• [WHAT TO WORK ON]
In the entries below, begin at the line that has "Botas de fútbol" and stop after the line that has "タイトトップス春秋 着回しニット重ね着 女性ニットソー無地"; output those lines exactly, leaving out pictures.

------ SUPPLIED RECORDS ------

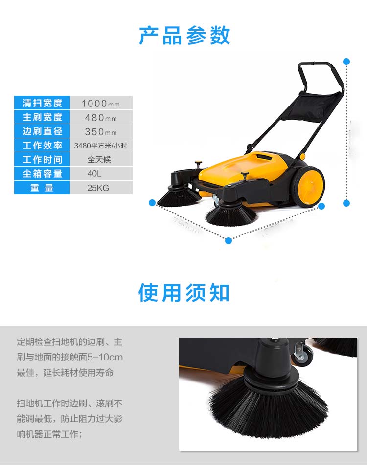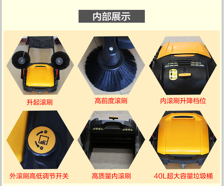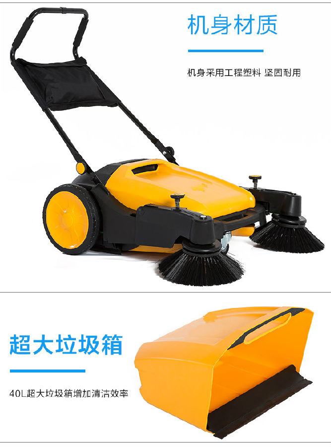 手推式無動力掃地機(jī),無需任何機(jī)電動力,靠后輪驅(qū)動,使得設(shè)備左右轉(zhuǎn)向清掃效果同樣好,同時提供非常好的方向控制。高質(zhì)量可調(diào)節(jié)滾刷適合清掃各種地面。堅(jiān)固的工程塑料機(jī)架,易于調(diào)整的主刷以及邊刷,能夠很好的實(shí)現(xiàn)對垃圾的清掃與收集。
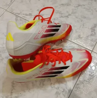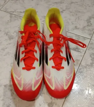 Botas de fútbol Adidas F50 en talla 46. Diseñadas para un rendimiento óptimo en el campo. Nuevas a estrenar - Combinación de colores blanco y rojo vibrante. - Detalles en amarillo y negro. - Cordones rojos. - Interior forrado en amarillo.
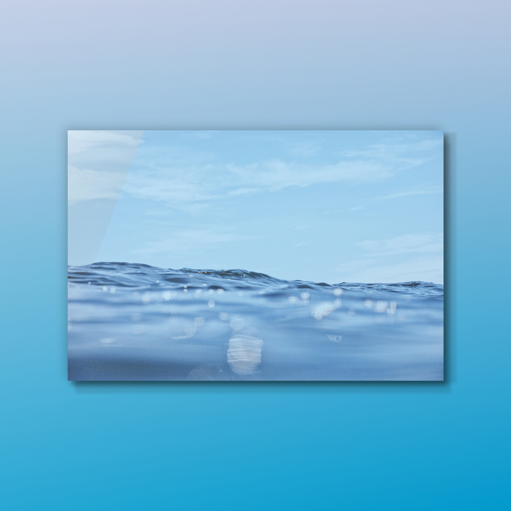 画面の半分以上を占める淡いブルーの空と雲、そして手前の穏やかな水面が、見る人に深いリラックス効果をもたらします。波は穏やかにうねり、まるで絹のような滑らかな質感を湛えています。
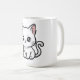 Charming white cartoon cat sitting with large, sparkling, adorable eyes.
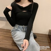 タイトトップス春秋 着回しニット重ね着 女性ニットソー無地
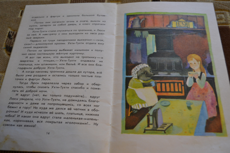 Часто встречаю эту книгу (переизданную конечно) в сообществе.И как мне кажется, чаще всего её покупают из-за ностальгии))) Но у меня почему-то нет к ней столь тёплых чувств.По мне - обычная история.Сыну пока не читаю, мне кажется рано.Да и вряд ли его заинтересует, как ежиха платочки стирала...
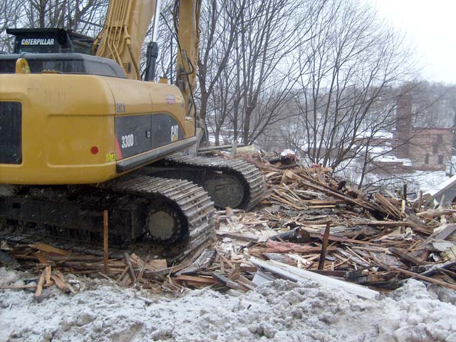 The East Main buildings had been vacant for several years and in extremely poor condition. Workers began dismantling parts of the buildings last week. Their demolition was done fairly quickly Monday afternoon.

------
------ SUPPLIED RECORDS ------

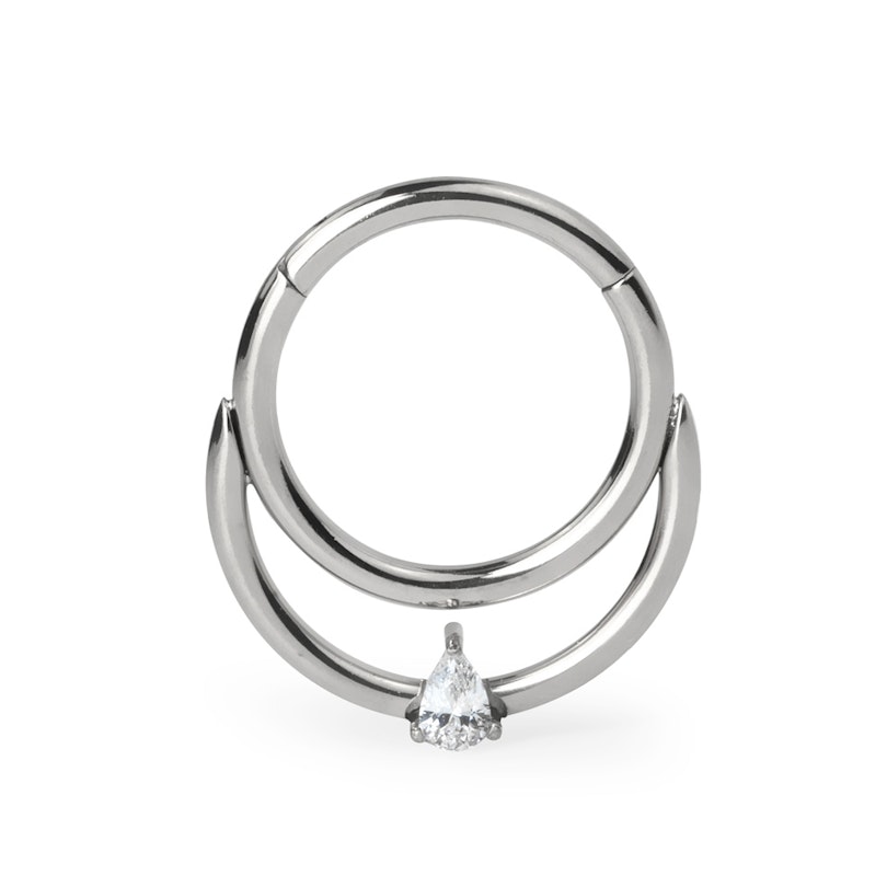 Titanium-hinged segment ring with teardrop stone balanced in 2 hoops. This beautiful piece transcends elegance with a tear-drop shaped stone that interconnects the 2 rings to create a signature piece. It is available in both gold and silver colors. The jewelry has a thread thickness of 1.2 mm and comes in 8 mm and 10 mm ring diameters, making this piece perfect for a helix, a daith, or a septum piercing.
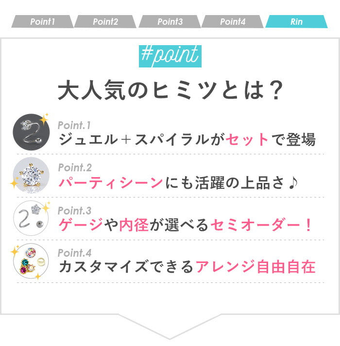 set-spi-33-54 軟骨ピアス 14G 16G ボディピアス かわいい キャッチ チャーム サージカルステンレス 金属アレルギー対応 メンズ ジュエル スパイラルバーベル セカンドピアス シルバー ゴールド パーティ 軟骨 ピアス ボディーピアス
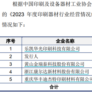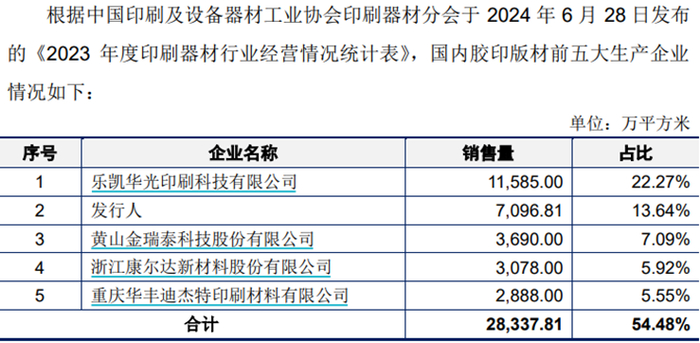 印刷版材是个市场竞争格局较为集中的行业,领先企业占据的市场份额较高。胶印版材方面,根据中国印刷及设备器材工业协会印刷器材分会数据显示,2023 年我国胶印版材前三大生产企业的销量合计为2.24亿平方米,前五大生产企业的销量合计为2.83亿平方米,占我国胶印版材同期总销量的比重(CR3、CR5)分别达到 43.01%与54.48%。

------

• [EXERCISE SOLUTION]
 Botas de fútbol Adidas F50 en talla 46. Diseñadas para un rendimiento óptimo en el campo. Nuevas a estrenar - Combinación de colores blanco y rojo vibrante. - Detalles en amarillo y negro. - Cordones rojos. - Interior forrado en amarillo.
 画面の半分以上を占める淡いブルーの空と雲、そして手前の穏やかな水面が、見る人に深いリラックス効果をもたらします。波は穏やかにうねり、まるで絹のような滑らかな質感を湛えています。
 Charming white cartoon cat sitting with large, sparkling, adorable eyes.
 タイトトップス春秋 着回しニット重ね着 女性ニットソー無地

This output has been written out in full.